1) emerge unmerge mplayer

2) usunąłem /etc/mplayer.conf i ~/.mplayer

3) USE="-gtk2" LINGUAS="pl" ACCEPT_KEYWORDS="~x86" emerge mplayer

i po odpaleniu mplayer z konsoli są polskie litery, poza tym napisy są ładnie pod filmem, tylko że rozdzielczość jest słaba (przez co napisy wyglądają nienajlepiej) i odświeżanie też niskie... aha - wszystko działa od razu po emergowaniu, bez żadnych zmian w configach itp.

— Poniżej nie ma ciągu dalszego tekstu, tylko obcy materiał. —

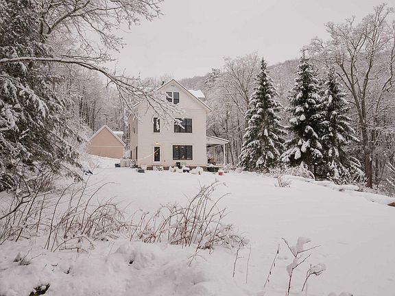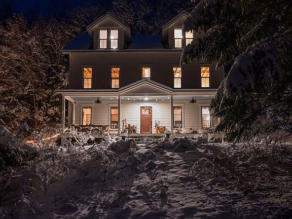 Welcome to 191-195 Woodchuck Hollow Road, Pine Hill! This stunning, move-in ready property, completely renovated within the past five years, offers a unique and tranquil retreat nestled amidst the beautiful natural surroundings of the Catskill Mountains. Situated on a dead-end road, a stone’s throw from the village center and a five-minute drive to Belleayre ski center and beach this luxury, two-residence property, with a modern rustic aesthetic, offers a perfect blend of period charm and modern amenities. Set on two acres, the spacious front porch provides a perfect spot to relax, or enjoy an al fresco meal while taking in the scenic views. Upon entering the main residence, you'll be greeted by an inviting open floor plan flooded with an abundance of natural light through the new, energy efficient, oversized windows. The spacious, triple-aspect living room, with its feature Stuv wood-burning stove, lime wash walls and 9ft tall exposed timber ceilings, creates a dramatic and expansive atmosphere with views of the mountains and surrounding countryside. Reclaimed red oak floors on the main floor add warmth and timeless elegance to the space. The bespoke gourmet kitchen, with ample storage space, is a culinary enthusiast's dream, featuring Wolf and Thermador appliances. It seamlessly connects with the dining room, making it ideal for hosting gatherings and entertaining guests. This reimagined farmhouse offers three well-appointed bedrooms and three bathrooms, including a spacious primary suite with an ensuite bathroom, large walk-in closet/dressing room. The two additional bedrooms are generously sized and can accommodate family and guests comfortably. The bathrooms feature modern fixtures and premium finishes, enhancing the overall luxury feel of the property. On the third floor you will find a further 648 sq ft of flexible living space with breathtaking views, currently arranged as a den, games room and yoga/meditation studio, but with the potential to create a home office, art or music studio. The dry, full-size basement, as well as housing the mechanicals, provides ample room for storage. For those seeking additional living space or potential rental income, the property also includes a carriage house, featuring its own private entrance, living area, kitchen, bedroom and bathroom. A three-car garage completes this special property. Conveniently located a half mile from Pine Hill village center, with its vibrant village community center, this property provides easy access to a plethora of year-round recreational and cultural activities. Enjoy hiking, biking trails, skiing, swimming, bowling and fishing, all just a short distance away. Additionally, a variety of local shops, restaurants, bars and amenities are within close proximity, ensuring all your needs are met. Don't miss the opportunity to own this exceptional property and experience the perfect blend of luxury, nature and tranquility. Schedule your private tour today!

natomiast gmplayer - ciągle to samo, z jednym wyjątkiem - menu jest po "polsku", tzn. bez pl znaczków: http://members.lycos.co.uk/tn2/mp.png ; napisy - "_" zamiast pl literek... próbowałem zmieniać configi, ustawiać cp1250 (iso też próbowałem), ciągle nic...

moja inwencja w tym temacie wyczerpała się  :Sad:   (może chodzi tutaj o jakieś globalne ustawienia systemu?)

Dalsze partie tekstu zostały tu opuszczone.